■ **Task to carry out**: Exactly as written, transcribe the data from its opening line through the line containing "E-Z-GO & Club Car". Leave every picture out.

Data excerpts
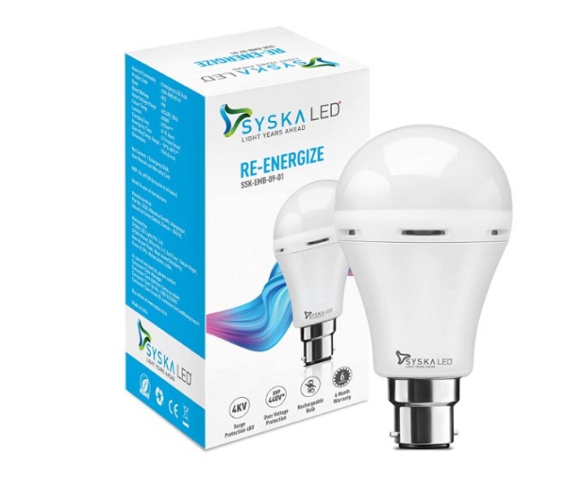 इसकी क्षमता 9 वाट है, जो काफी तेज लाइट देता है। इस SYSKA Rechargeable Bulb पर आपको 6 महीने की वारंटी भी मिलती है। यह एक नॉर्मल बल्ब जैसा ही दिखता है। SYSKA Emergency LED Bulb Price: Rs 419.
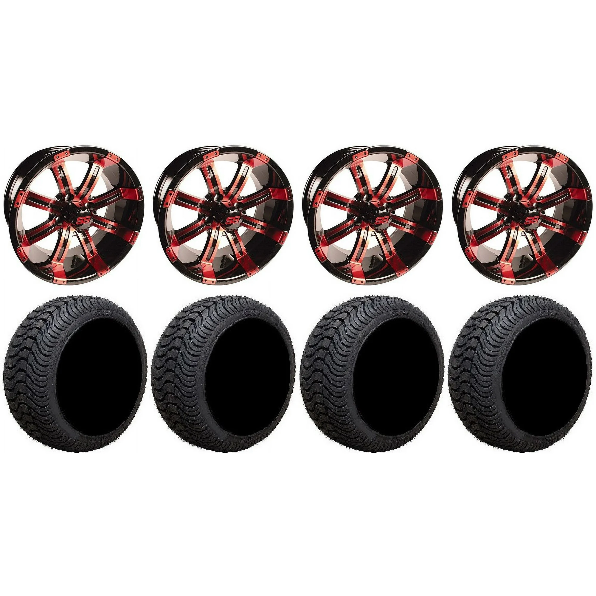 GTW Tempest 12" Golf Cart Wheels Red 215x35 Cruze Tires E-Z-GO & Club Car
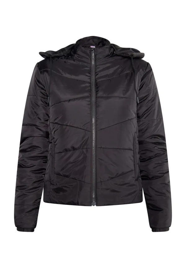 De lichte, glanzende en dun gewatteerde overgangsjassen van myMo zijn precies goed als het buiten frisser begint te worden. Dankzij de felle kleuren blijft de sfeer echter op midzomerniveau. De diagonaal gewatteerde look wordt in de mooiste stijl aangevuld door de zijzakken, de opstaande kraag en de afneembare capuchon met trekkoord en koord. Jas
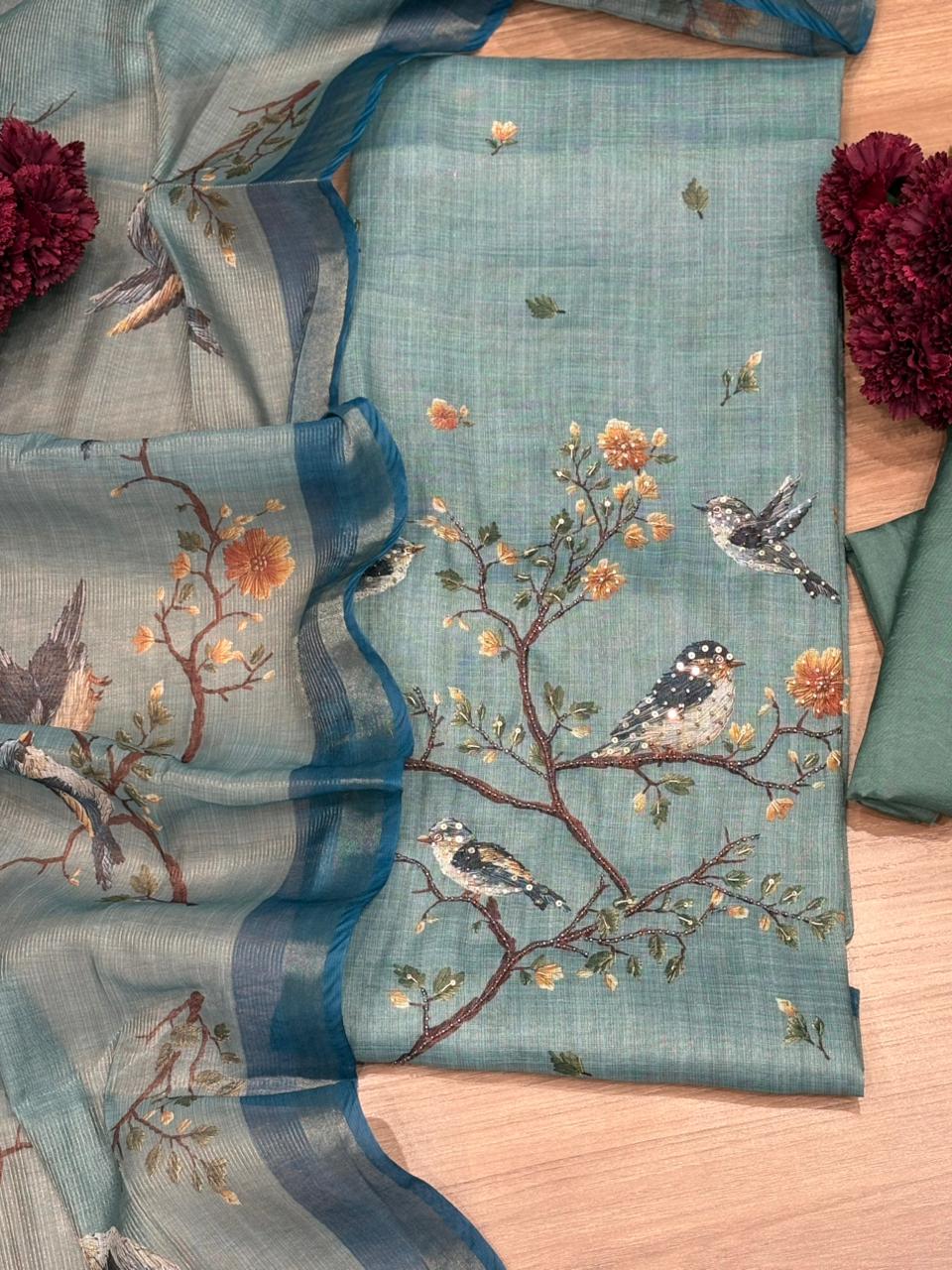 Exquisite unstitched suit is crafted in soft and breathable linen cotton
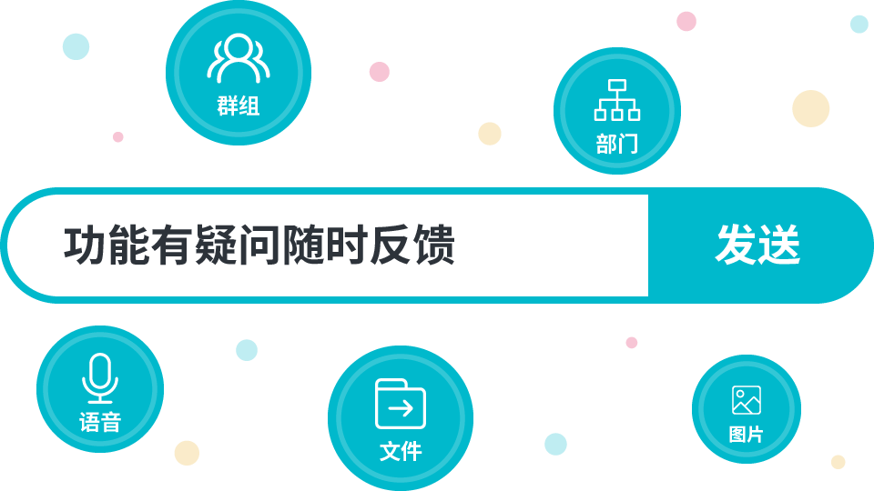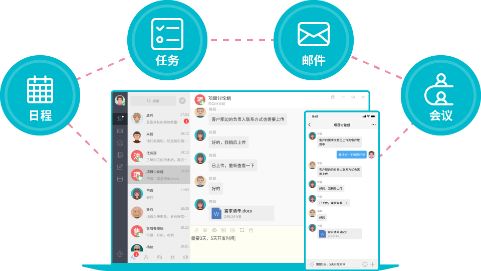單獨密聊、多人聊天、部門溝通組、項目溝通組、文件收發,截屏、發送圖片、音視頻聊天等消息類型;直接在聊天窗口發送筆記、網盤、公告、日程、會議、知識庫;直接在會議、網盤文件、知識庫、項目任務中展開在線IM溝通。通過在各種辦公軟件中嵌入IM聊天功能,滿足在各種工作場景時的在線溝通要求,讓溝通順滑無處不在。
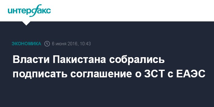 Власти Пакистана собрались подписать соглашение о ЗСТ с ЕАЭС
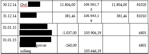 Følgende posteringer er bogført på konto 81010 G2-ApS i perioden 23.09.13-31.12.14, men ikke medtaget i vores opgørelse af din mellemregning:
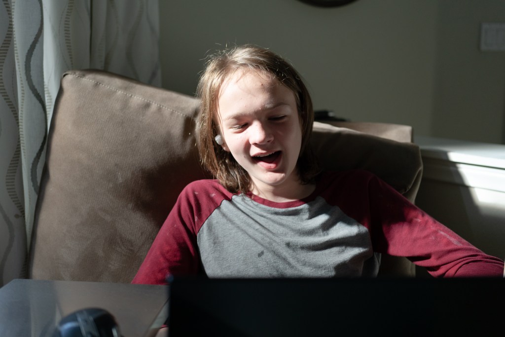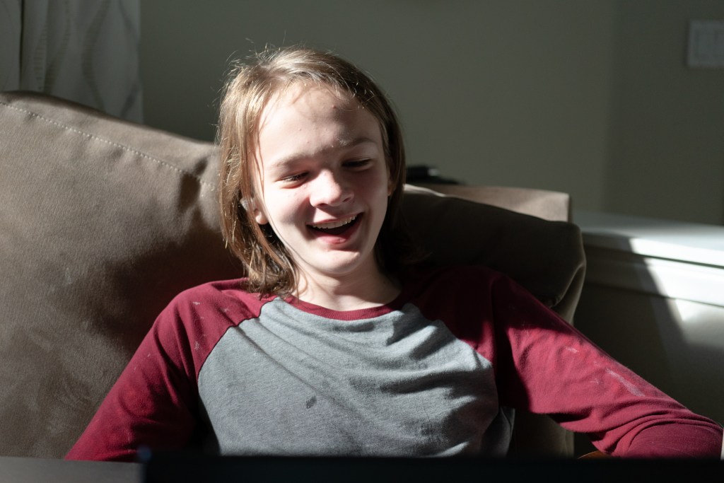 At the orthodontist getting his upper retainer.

■ **Solution for this exercise**:
 इसकी क्षमता 9 वाट है, जो काफी तेज लाइट देता है। इस SYSKA Rechargeable Bulb पर आपको 6 महीने की वारंटी भी मिलती है। यह एक नॉर्मल बल्ब जैसा ही दिखता है। SYSKA Emergency LED Bulb Price: Rs 419.
 GTW Tempest 12" Golf Cart Wheels Red 215x35 Cruze Tires E-Z-GO & Club Car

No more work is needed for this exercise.